Not everyone will agree with his assessment of the petroleum, gas and coal sectors, which have powered the world’s growth for decades. Nonetheless, the twin goals of supply chain security and sustainability are now driving a transformational shift in the global energy mix and instilling a sense in governments, consumers and corporates that inaction is not an option.
Musk’s point, made during a podcast interview with US host and commentator Joe Rogan, was that the world needs to switch to clean energy technologies in order to limit global warming and avoid climate catastrophe.
The chief executive of electric vehicle (EV) company Tesla does, of course, have an enormous financial stake in the future of clean energy. But he’s also right about the vast shift required if Paris Agreement commitments to restrict global warming to less than 2 degrees Celsius above pre-industrial levels are to be achieved.

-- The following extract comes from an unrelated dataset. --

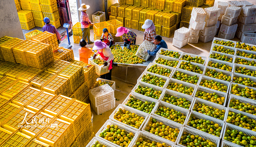 2025年10月10日,江西省新余市渝水區一家蜜桔種植基地,果農忙著篩選、裝…

That’s going to require a dramatic increase in the supply of metals and minerals used in batteries and charging stations for EVs, renewable energy such as wind, solar and hydrogen, and infrastructure including bridges, roads and electricity grids. It is also going to require emissions-heavy industries such as steel to decarbonize through the development of new technologies and find a pathway to net-zero steelmaking.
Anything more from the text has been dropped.